Integrated Mechanism of Lysine 351, PARK2, and STUB1 in AβPP Ubiquitination

Intracellular accumulation of aggregated amyloid-beta, misfolded and non-functional proteinopathy, is the hallmark feature in Alzheimer's disease (AD). There are several mechanisms to clear the amyloid burden in a cell, including transcytosis across the blood-brain barrier, immune mediated, lysosomal pathway associated autophagy, enzymatic degradation by insulin degrading enzyme/neprilysin, and the proteasomal pathway. Among them, the ubiquitin proteasome system (UPS) is playing a critical role to prevent the intracellular amyloid-beta deposition and to clear off the cellular burden in association with ubiquitin E3 ligase enzymes in AD. For ubiquitination, lysine moiety in a protein acts like a docking site for the attachment of ubiquitin molecule and different lysine residues act differently in this reaction.
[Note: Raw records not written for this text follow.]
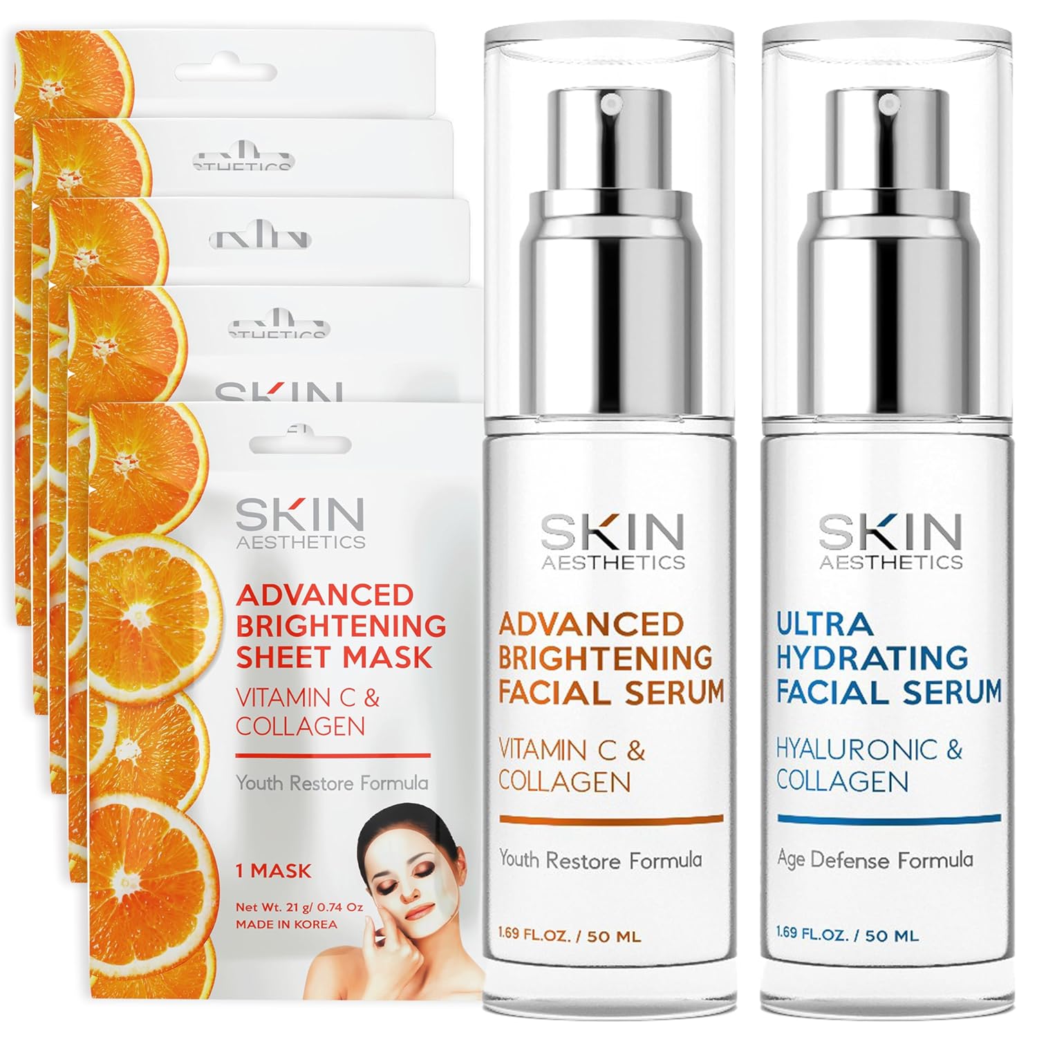 Serum & Face Mask Set, Vitamin C & Collagen & Hyaluronic Acid Value Set - Anti-Aging, Hydrating - Clean Beauty Ingredients, Cruelty-Free Korean Skin Care - Set of 3
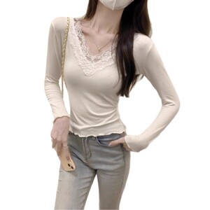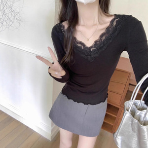 纯欲风蕾丝花边内搭打底衫女秋冬季2025新款上衣白色V领长袖t恤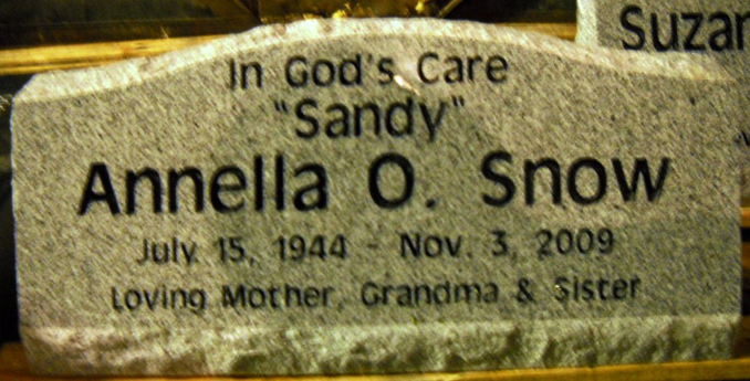 This slant style SP7 model funeral monument is shown here in our high quality solid G614 gray granite and features basic engraving, as well as the epitaphs "In God's Care" and "Loving Mother, Grandmother, and Sister" all of which are sandblasted and then enhanced by the addition of a black lithichrome stone paint.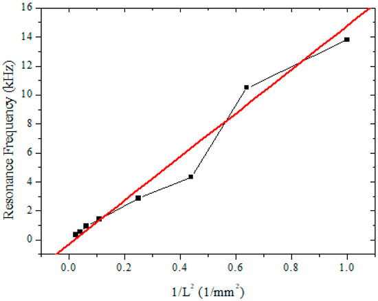 In the measurements conducted, the resonance frequency of the MC with a length of 1000 µm was found to be around 13.8 kHz. The resonance frequency was measured for MCs of different lengths, and the variation in resonance frequency with sample length is presented in Figure 9. According to Equation (1), the sample’s resonance frequency is proportional to 1/L2;, meaning that as the sample length decreases, the resonance frequency increases. This is consistent with the resonance frequency variation in the MCs we produced, which depends on the sample length. We also investigated the resonance frequency of the 1500 µm long MC by measuring the phase angle. It was observed that the resonance frequencies obtained from phase measurements were consistent with those obtained from amplitude measurements (Figure 6 and Figure 8).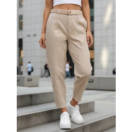 Jeansy damskie z mom fit z paskiem beżowe model 22038518 - FashionStreet

Therefore, it is pertinent to understand and link the role of various lysine residues along with their effector molecules, for instance, E3 ligases PARK2 and STUB1 in the ubiquitination cascade. Herein, we 1) modeled the structure of A beta PP and determined its topologies and studied the impact of lysine residues in A beta PP stability, 2) reported K351 as the most promising target for A beta PP ubiquitination, 3) investigated the plausible role of lysine residues in non-covalent interactions mediated ubiquitin positioning in the ubiquitination, 4) detected conserved amino acids that is crucial for A beta PP ubiquitination, and 5) identified the key ubiquitination enzymes and their interaction network playing major role in the ubiquitination of A beta PP.